|
揺れる不安定な心は
この街がすこし冷たいから 変わらない君の言葉を 聞きたい今夜は |
★ ★ ★ ★ ★
| 冷たいアスファルトの地面に、少年は座っていた。 |
| 街を飾る色とりどりの灯の中に、人々が流れてゆく。 |
| 冷たいこの街の中で自分の存在を、今ここにいる誰が認めているのだろう。 |
| どんな時も流れてゆく。ゆっくりと、或いはものすごい勢いで。 |
| 人々は必死になって、時代の流れにしがみついている。 |
| そう、今この瞬間も。 |
| 流行すたりを相手に、永遠に変わらない物など何もないのだから。 |
| だが、彼は知っている。

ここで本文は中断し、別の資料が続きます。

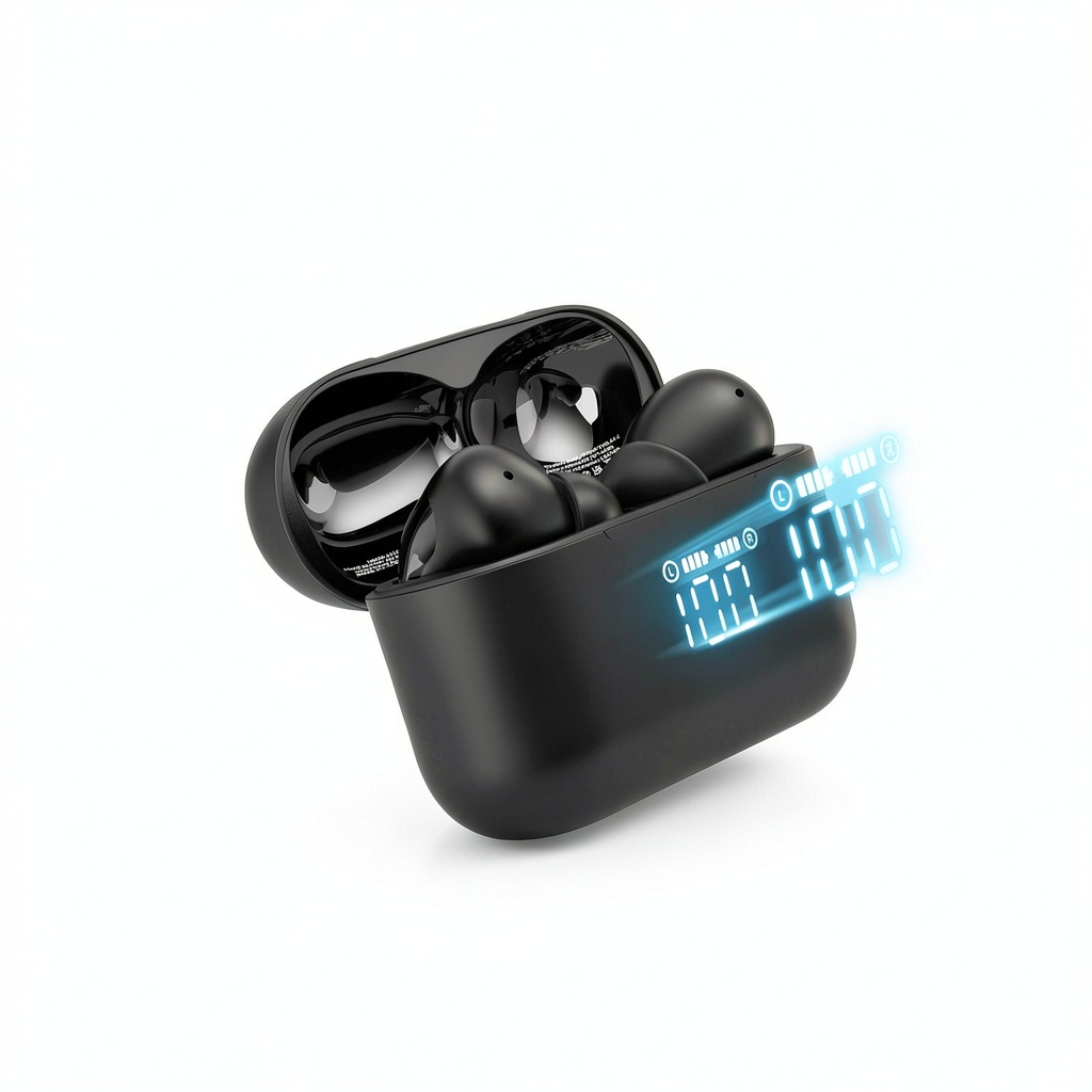 The TOZO T20 wireless earbuds combine advanced audio technology with durable design, featuring a 10mm dynamic horn loudspeaker for rich, immersive sound. Built with an IPX8 waterproof rating, they resist water, sweat, and rain, ensuring reliability during intense activities. The ergonomic in-ear design includes six pairs of soft rubber ear caps for a secure, comfortable fit. A digital LED display on the charging case shows real-time power levels, and the case supports both wireless and USB-C charging for convenience. These earbuds are compatible with the TOZO app, allowing users to customize EQ settings for a personalized listening experience.

永遠に変わらないものを。 |
| いつも変わらない、友の笑顔を。 |
| 何もかも、全てが動き出して、どんなに時代が流れても。 |
| 誰もが行き先を間違えたとしても。 |
| アイツだけは、そこにいる。 |
| 彼のまわりでも少しずつ、どんなに時代が流れても。 |
| 人は寂しい生き物だから、1人では生きられない。生きてはいけない。 |
| 少年は静かに頭を振った。 |
| 不安定に揺れる心は、この街が少し冷たいせいなのだろうか。 |
| 今夜は、彼の変わらない言葉が聞きたい。 |
| ゼフェルはゆっくりと腰をあげた。 |
|
変わらない、彼の笑顔に会う為に。